### SOURCE DATA
=== Begin Enclosure ===

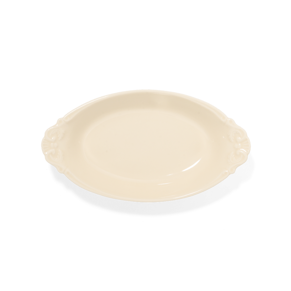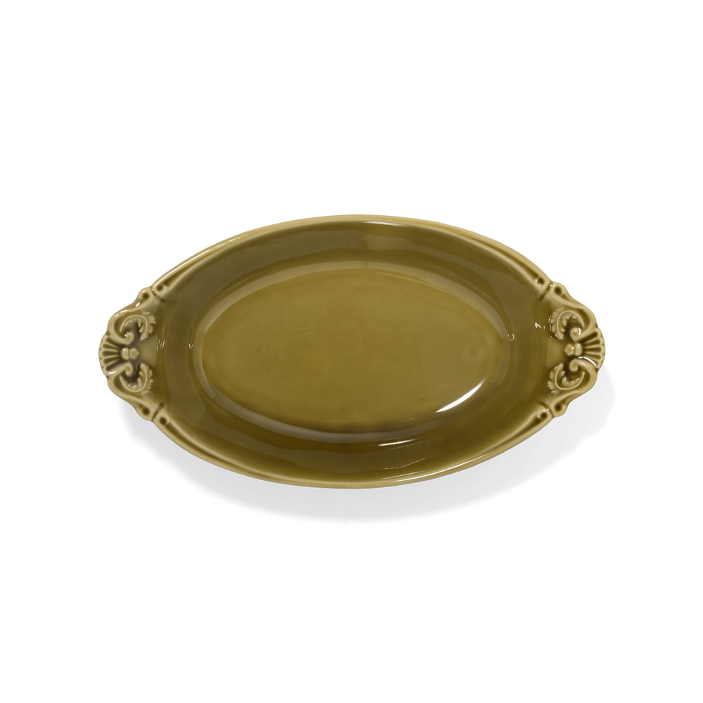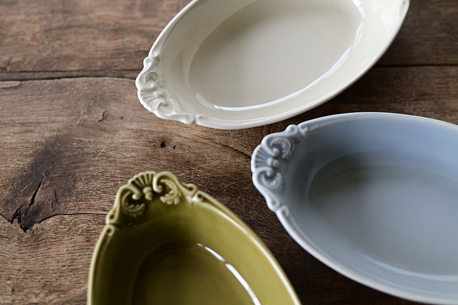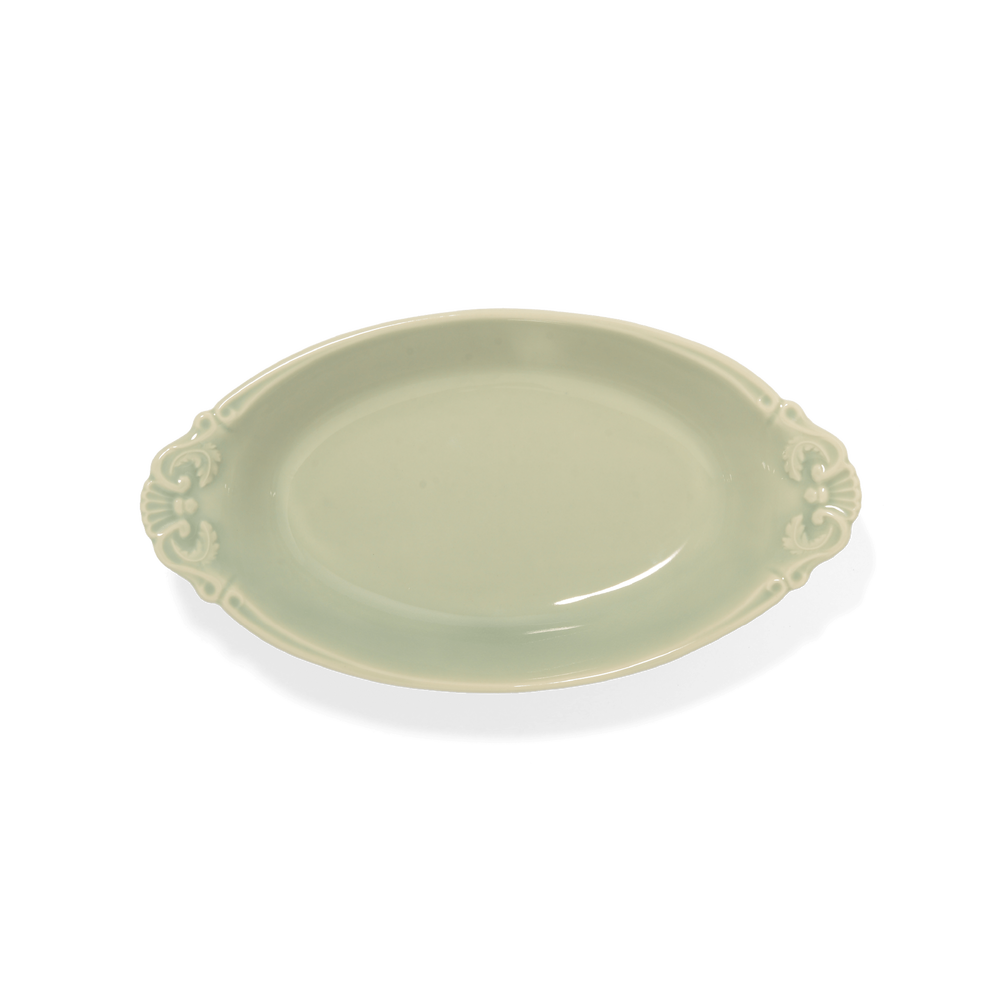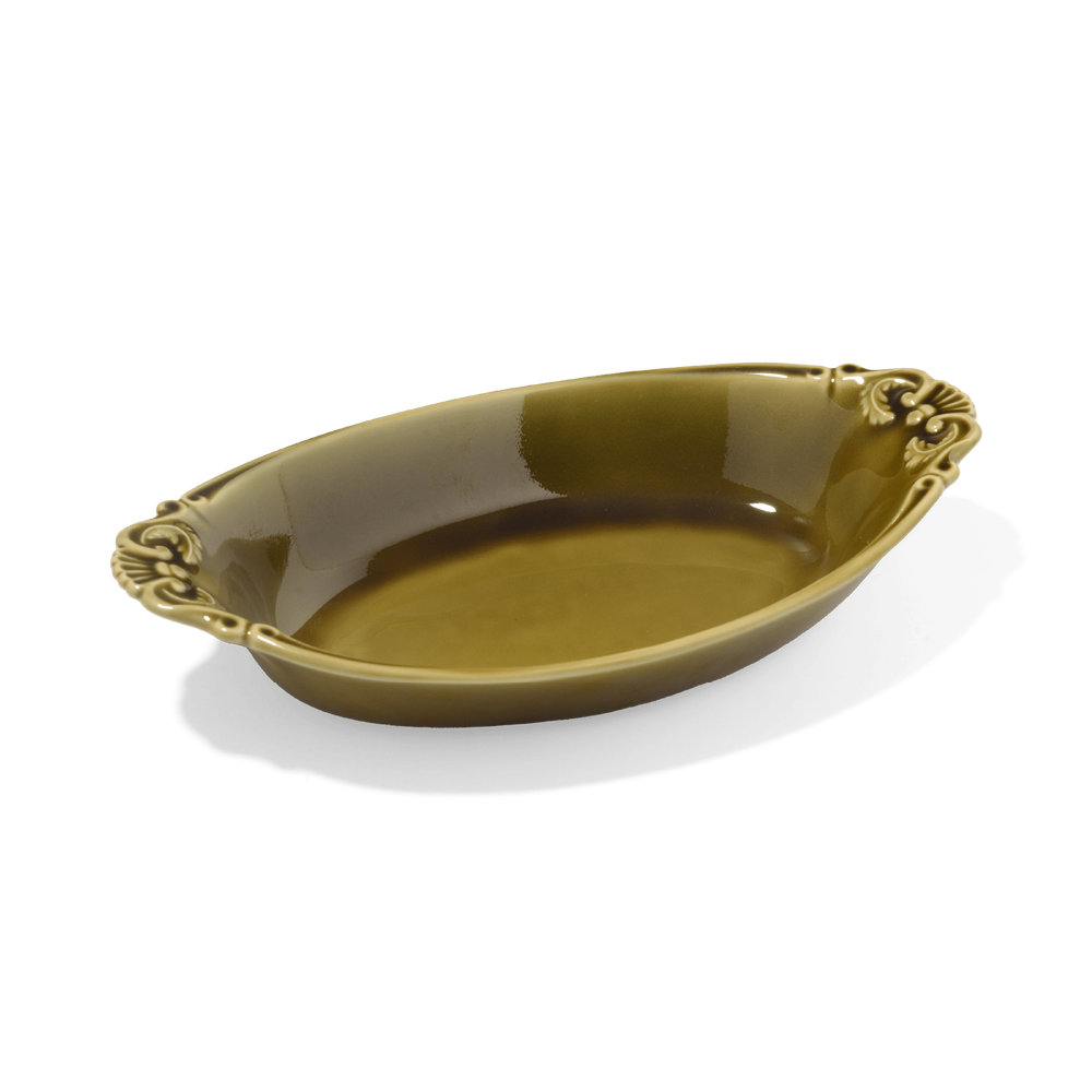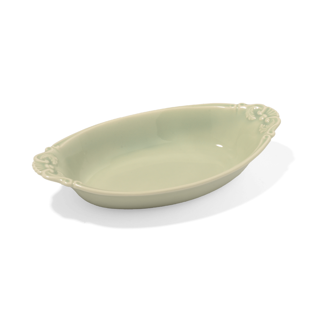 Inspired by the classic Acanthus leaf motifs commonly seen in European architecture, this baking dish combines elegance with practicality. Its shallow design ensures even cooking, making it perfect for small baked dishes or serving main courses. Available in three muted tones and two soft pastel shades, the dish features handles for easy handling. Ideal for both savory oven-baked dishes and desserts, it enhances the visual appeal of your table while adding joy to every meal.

=== End Enclosure ===
=== Begin Enclosure ===

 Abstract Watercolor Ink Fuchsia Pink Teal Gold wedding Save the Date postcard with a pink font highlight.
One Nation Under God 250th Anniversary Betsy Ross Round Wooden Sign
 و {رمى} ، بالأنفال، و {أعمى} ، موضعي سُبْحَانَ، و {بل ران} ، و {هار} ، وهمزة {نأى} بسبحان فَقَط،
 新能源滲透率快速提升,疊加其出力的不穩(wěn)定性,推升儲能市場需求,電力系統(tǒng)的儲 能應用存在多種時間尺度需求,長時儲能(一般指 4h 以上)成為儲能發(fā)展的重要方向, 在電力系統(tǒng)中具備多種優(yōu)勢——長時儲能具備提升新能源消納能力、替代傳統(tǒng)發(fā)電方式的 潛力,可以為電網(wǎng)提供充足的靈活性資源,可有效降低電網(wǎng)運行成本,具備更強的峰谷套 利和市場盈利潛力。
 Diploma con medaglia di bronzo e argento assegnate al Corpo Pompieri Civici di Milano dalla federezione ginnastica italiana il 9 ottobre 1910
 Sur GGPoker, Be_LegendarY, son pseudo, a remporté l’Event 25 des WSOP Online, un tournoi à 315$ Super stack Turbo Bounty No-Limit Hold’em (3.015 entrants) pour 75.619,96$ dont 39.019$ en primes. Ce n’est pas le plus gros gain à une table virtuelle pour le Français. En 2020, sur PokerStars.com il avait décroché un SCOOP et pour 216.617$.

=== End Enclosure ===

### WORK ORDER
In the listing above, find the line with "موضعي سُبْحَانَ، و" and the line with "Diploma con medaglia". Output those two lines and every line between them, exactly as written.

### WRITTEN REPLY
 و {رمى} ، بالأنفال، و {أعمى} ، موضعي سُبْحَانَ، و {بل ران} ، و {هار} ، وهمزة {نأى} بسبحان فَقَط،
 新能源滲透率快速提升,疊加其出力的不穩(wěn)定性,推升儲能市場需求,電力系統(tǒng)的儲 能應用存在多種時間尺度需求,長時儲能(一般指 4h 以上)成為儲能發(fā)展的重要方向, 在電力系統(tǒng)中具備多種優(yōu)勢——長時儲能具備提升新能源消納能力、替代傳統(tǒng)發(fā)電方式的 潛力,可以為電網(wǎng)提供充足的靈活性資源,可有效降低電網(wǎng)運行成本,具備更強的峰谷套 利和市場盈利潛力。
 Diploma con medaglia di bronzo e argento assegnate al Corpo Pompieri Civici di Milano dalla federezione ginnastica italiana il 9 ottobre 1910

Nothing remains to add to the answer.